Input: microphone,INMP441

Output: display,GC9A01 1.28 inch, LCD,SPI display

MCU: Xiao ESP32-C3

PCB made before

Firmware: LLM

The material of the final

PCB already got produced by JLC.

Mic, INMP441 purchased from Taobao

Display: GC9A01 1.28 inch, recommend by Gemini, purchased from Taobao

10th, May

Make the 3D enclosure

Step 1 draw a rectangle (100 x 100 mm) with Fillet (20mm)

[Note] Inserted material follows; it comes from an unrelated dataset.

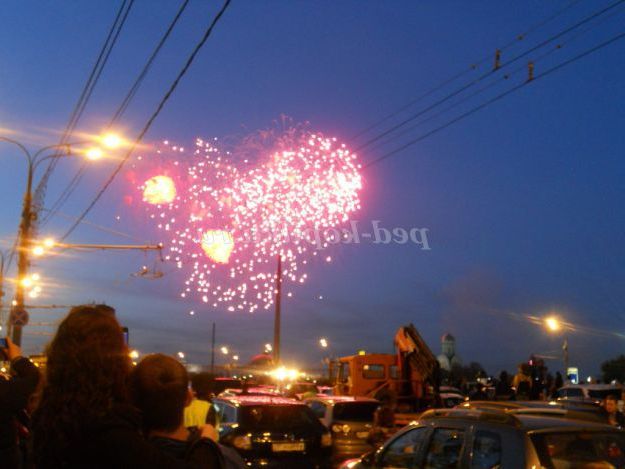Коли почався салют всі автовласники вийшли з машин і дивилися салют,утворилася величезна пробка,однак ні хто не сигналив і не обурювався,всі милувалися цим чудовим видовищем і довгоочікуваним

Step 2 extrude with height 100 mm

Step 3 use “Draft” to optimize the Cube

Step 4 Fillet to optimize the Top and bottom plane

Step 5 make a basic plane to place the cover, depth is 1.5 mm, I will set the 1.5 mm as the thickness of the enclosure when “Shell” later

Create a smaller rectangle in the new plane for extrude

Step7 extrude the small rectangle with 0.1mm, to make a plane for Shell, as shell only proceed with plane.

Step6 Shell with the new plane, with thickness 1.5mm

Step 7 make the plate for the LCD display.

7.1 Add Part studio 2, and use Derived to Copy the plane to make the plane directly.

Use the Use/convert to make quoted rectangle to be revisable, as below, the line become black

The tolerance of 3D printing is 0.1 mm, the outline of the enclosure is 91.27mm

Then adjust the cover to be 91.16 mm

7.2 refer the size of the LCD to design the hole for the LCD

7.3 to place the display better, I need draw hole and Step layer, and then extrude

7.3 extrude and draw the hole on the cover plate and 2 sides, use Extrude to make the hole. Hole is for microphone.

7.5 I finally got the 2 parts

7.6 assembly

3D Printing

Printing (video as below)

Update: for the Cover plate , I add 2 hook to fix the LCD PCB.

On 11th may, I Got 2 sets

I see 2 issues need to be improved in my next version:

Error is not right, the cover not match the enclosure, the error should be 0.2mm or 0.3mm, I could try 0.3mm first for testing

“Noodles” on the surface, I need to adjust the slope to be more sharp,

Or i can print the enclosure in another direction like picture below.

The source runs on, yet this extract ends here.